Da resposta devida a um comentário, naufragada entre temporais de disponibilidade e bateria, aproveito para fazer postal. A resposta incial era menos elaborada mas, notando agora que não a submeti, sigo à bolina e abordo mais profundamente dois temas sobre os quais acabei por nunca publicar mais do que comentários: o Politicamente correcto e o Museu das Descobertas de Lisboa.

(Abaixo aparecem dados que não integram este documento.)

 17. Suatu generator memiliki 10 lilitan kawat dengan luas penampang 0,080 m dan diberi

Sobre o politicamente correcto
Ao politicamente correcto surgido nos anos 80 como forma de exigir igualdade no tratamento e elidir conotações desiguais e discriminatórias, sobrepôs-se agora o politicamente correcto referente ao incorrecto, ao exagero. O problema deste termo é que acaba por promover a descredibilização do tal inicialmente correcto. Manipulações linguísticas que muitos usam para retirar força às exigências legítimas. Há muito exagero, sem dúvida, e o exagero é politicamente incorrecto.

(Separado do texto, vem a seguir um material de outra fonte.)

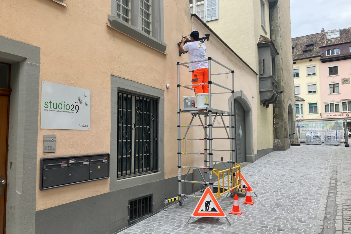 Für Kundenarbeiten der Heinz Kern AG war es wieder einmal ein super Jahr. Wir hatten sehr viele Aufträge, wo wir unser handwerkliches Geschick so richtig auf die Probe stellen konnten. Zuhause in historischen Altstätten entlang des Rheins, konnten wir zum Beispiel für die Stadt Schaffhausen die Stadtbeleuchtung Instand setzen und neue Sicherheitskameras montieren. Die Bilder sprechen für sich! Aber auch in Diessenhofen und Stein am Rhein konnten wir diversen Privathäusern einen neuen Schliff verpassen. Dabei kann es auch mal vorkommen, dass man wieder wie Ano dazumal Sumpfkalk anrühren und mit den feinsten Pigmenten das Städtchen Stein am Rhein in Schuss halten darf. Ein Privileg, dass unsere Mitarbeiter mit Stolz zum Besten bringen.
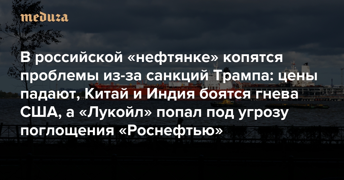 В российской «нефтянке» копятся проблемы из-за санкций Трампа: цены падают, Китай и Индия боятся гнева США, а «Лукойл» попал под угрозу поглощения «Роснефтью» Главное об эффекте американских ограничений
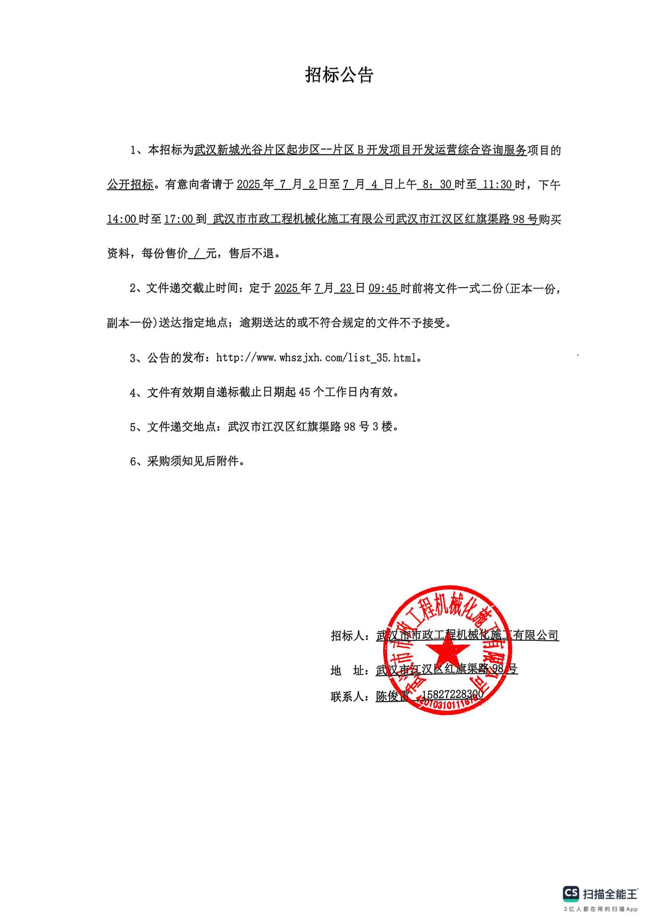 武漢新城光谷片區(qū)起步區(qū)--片區(qū)B開發(fā)項目開發(fā)運(yùn)營綜合咨詢服務(wù)招標(biāo)公告

Chamemos os bois pelos nomes, e se o PAN não gostar que entre também na discussão.
Sobre o Museu dos Descobrimentos
Acabei por nunca escrever o postal que alinhavei mentalmente, pelo que aproveito o ensejo.
Um
museu destes nesta época faz-me sentido se contar ambos os lados da História, dos descobridores e dos então descobertos territórios para o mundo europeu.

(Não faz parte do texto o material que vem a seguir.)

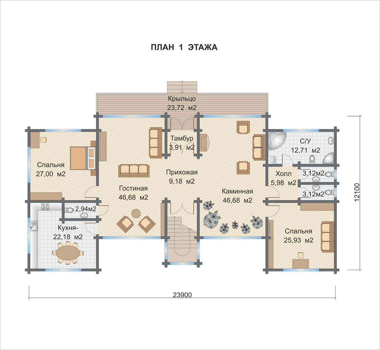 Базовые планировки Дом из клееного бруса Феникс 1

Não contesto o nome, Descobrimentos porque descobertos novos caminhos e novos territórios habitados, sim, mas depois colonizados pelos descobridores. O que alterou todo um modo de vida anterior e desenhou novas sociedades. Agradável ou não, é um facto, e chamar-lhe outra coisa não o vai alterar. Expansão afigura-se-me muito mais colonialista, imperialista: a população não se expandiu, miscigenou-se, e se os territórios inicialmente serviram para expandir impérios, ao cabo de 400 anos recuperaram a independência - um museu da Expansão não pode incluir estes novos países, tem de os deixar de fora do estudo da história sob pena de a continuar a colonizar, integrando-os num território político expandido que já não é o seu.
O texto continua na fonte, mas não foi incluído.